** Material supplied follows **
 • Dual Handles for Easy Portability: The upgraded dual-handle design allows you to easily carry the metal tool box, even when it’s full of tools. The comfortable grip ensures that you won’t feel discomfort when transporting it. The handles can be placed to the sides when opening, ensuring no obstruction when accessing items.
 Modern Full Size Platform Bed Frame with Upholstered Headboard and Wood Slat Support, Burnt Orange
** End of Material supplied **
** Material supplied follows **
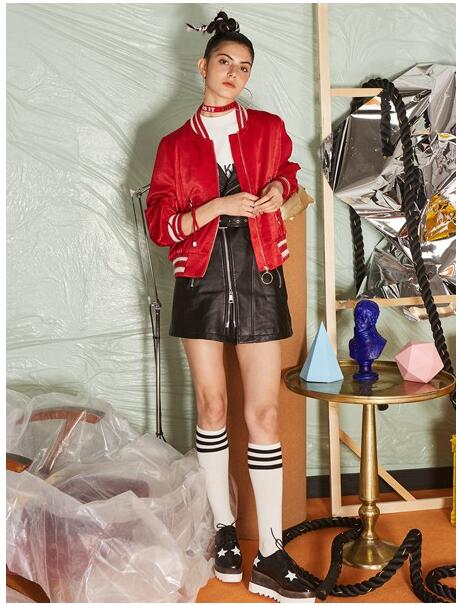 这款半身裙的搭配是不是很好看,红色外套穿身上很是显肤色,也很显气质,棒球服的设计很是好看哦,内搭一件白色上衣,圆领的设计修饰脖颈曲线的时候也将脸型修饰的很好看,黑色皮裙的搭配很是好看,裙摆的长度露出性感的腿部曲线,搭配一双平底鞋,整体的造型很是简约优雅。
** End of Material supplied **
** Material supplied follows **
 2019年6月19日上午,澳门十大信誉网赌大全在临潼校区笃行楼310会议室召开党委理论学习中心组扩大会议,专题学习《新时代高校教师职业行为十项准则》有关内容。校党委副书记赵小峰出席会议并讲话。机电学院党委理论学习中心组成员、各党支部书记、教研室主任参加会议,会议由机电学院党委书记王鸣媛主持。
** End of Material supplied **
### What you should do
Among the lines above, repeat exactly those from the line with "when accessing items." to the line with "Modern Full Size", counting both ends.

### Solved problem
 • Dual Handles for Easy Portability: The upgraded dual-handle design allows you to easily carry the metal tool box, even when it’s full of tools. The comfortable grip ensures that you won’t feel discomfort when transporting it. The handles can be placed to the sides when opening, ensuring no obstruction when accessing items.
 Modern Full Size Platform Bed Frame with Upholstered Headboard and Wood Slat Support, Burnt Orange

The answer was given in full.